This is because IP state change gets popped right after it was pushed.
bison parser invokes scanner_pop_start_cond() helper via
'close_scope_counter' rule after it has processed the entire 'counter' rule.
But that happens *after* flex has executed the 'IP' rule.
IOW, the sequence of events is not the exepcted
"COUNTER close_scope_counter IP SADDR SYMBOL close_scope_ip", it is
"COUNTER IP close_scope_counter".
close_scope_counter pops the just-pushed SCANSTATE_IP and returns the
scanner to SCANSTATE_COUNTER, so next input token (saddr) gets parsed
as a string, which gets then rejected from bison.

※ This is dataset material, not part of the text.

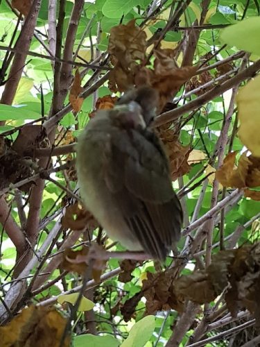 In the end, I just put him back in the smoketree because there was no spot where he’d be safe from cats, but visible to his parents, and I knew they were watching me, and also that they’d look in the nest tree if they couldn’t find him. They nearly deafened me with their PIK-PIK! PIK-PIK! calls to coax him to…wherever they wanted him, but eventually, they must have succeeded because I was on Catwatch Duty, and listened as they moved farther away into the edge of the woods, and calmed down.

To resolve this, defer the pop operation until the current state is done.
scanner_pop_start_cond() already gets the scope that it has been
completed as an argument, so we can compare it to the active state.
If those are not the same, just defer the pop operation until the
bison reports its done with the active flex scope.
This leads to following sequence of events:
1. flex switches to SCANSTATE_COUNTER
2. flex switches to SCANSTATE_IP
3. bison calls scanner_pop_start_cond(SCANSTATE_COUNTER)
4. flex remains in SCANSTATE_IP, bison continues
5. bison calls scanner_pop_start_cond(SCANSTATE_IP) once the entire
ip rule has completed: this pops both IP and COUNTER.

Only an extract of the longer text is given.